Rep. Jim McCrery (R-La.) is considered a front-runner to succeed Thomas as Ways and Means chairman if Republicans retain control of the House in the 2006 elections. Reps. E. Clay Shaw Jr. (R-Fla.) and Nancy L. Johnson (R-Conn.) also have expressed interest in the post.
Thomas, a one-time political science professor at Bakersfield Community College, said he looked forward to spending more time with his grandchildren after leaving Congress, but otherwise offered no hints about his plans.
He said he would “take a look at what’s available.” There has been speculation he will be offered a job in the Bush administration.
He said he was “not walking away into the sunset yet.”
“I haven’t finished my work and I have nine months to go,” he said. “So rather than read my headstone now, let’s see if I can’t carve a few more things in it.”
His major remaining legislative goals include reconciling differences with the Senate on a bill that would extend tax cuts on investment income scheduled to expire at the end of 2008.
These tax cuts have been central to Bush’s economic policy and their extension is one of his top domestic priorities.
A statement issued by Thomas’ office highlighted his accomplishments as chairman, saying the panel paved the way for approval of “over $2 trillion in tax relief for hardworking American families” and “a long overdue voluntary prescription drug benefit in Medicare for the first time in the program’s history.”
Liberal critics, however, have lambasted the tax cuts, saying they unduly favor the affluent.
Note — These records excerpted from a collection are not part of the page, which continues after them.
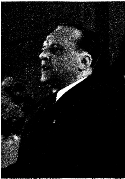
J08BF HORM ÖSTERREICH

* „Der Dollar stellt eine große Macht dar, aber eine viel größere Macht Ist die Kraft des einfachen Volkes, wenn es sich unter der Führung einer Partei befindet, die von den Lehren von Marx, Engels, Lenin und Stalin Inspiriert und geleitet wird.“
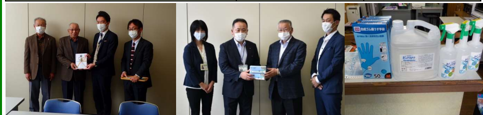
株式会社小野林業 様
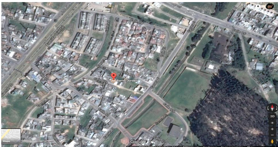
Barrió Jordán ubicado en la ciudad de Tunja en el departamento de Boyacá, limita con los barrios sol de oriente, san Antonio, Bachue, san Laureano, Avenida oriental 10, es muy característico y conocido por los habitantes por estar la licorera de Boyacá, imagen extraída del satélite buscada a través del buscador de Google .
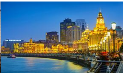
หาดวูกาน

And the Medicare benefit -- along with sparking criticism from conservatives over its cost -- has been assailed by many senior citizens as too complex.
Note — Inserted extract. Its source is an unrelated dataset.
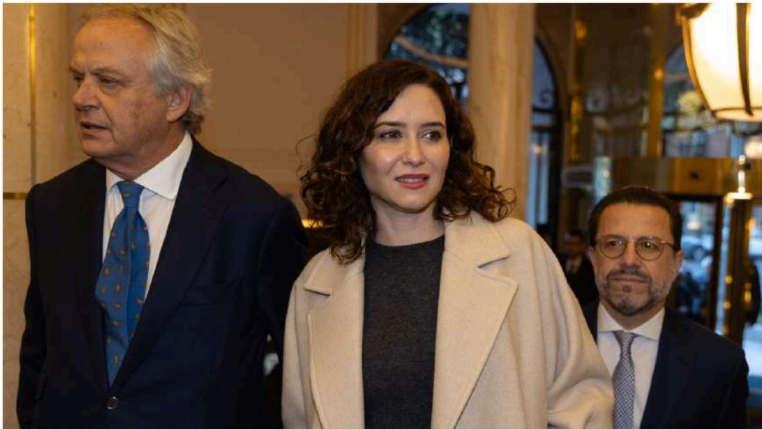
Ayuso apela a la "sensatez" para aprobar los Presupuestos regionales

En declaraciones a los periodistas, en el VII aniversario de Madrid Foro Empresarial celebrado en el Hotel Wellington, ha indicado que esta semana se sabrá más y que ahora mismo desde las distintas consejerías, pero especialmente desde la de Economía, Empleo y Hacienda, están hablando con Vox.
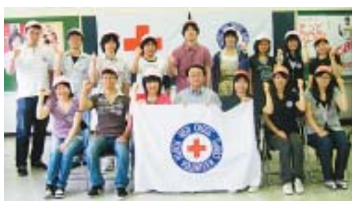
これからの活動に意欲を燃やす学生の皆さん

イーハトーブ学生赤十字奉仕団(45人)と岩手大学学生赤十字奉仕団(6人)の合同結団式が7月18日、岩手県赤十字会館で開催され、両団から15人が参加しました。

A major political disappointment for Thomas was the failure of his committee to craft a bill to overhaul Social Security.
On the heels of his 2004 reelection, Bush pushed hard for restructuring the program to allow younger workers to divert some of their payroll taxes into investment accounts. But the proposal stalled in the face of adamant Democratic opposition and lukewarm support from many Republicans.
The incident that led to Thomas’ highly publicized public apology stemmed from a committee vote he scheduled on a complicated pension reform bill. Most of the panel’s Democrats, saying that they had not seen the bill until the night before, walked out of the meeting before the vote and met in a back room to plot strategy.
Thomas asked his staff to summon the Capitol police to remove them from the back room. But the Democrats refused to budge, and they called reporters to protest Thomas’ action. No arrests were made, and the Democrats eventually left the room.
Thomas, in his mea culpa a few days later, said, “As my mother would have put it, ‘When they were passing out moderation, you were hiding behind the door.’ ”
Simon reported from Washington; Malcolm from Bakersfield.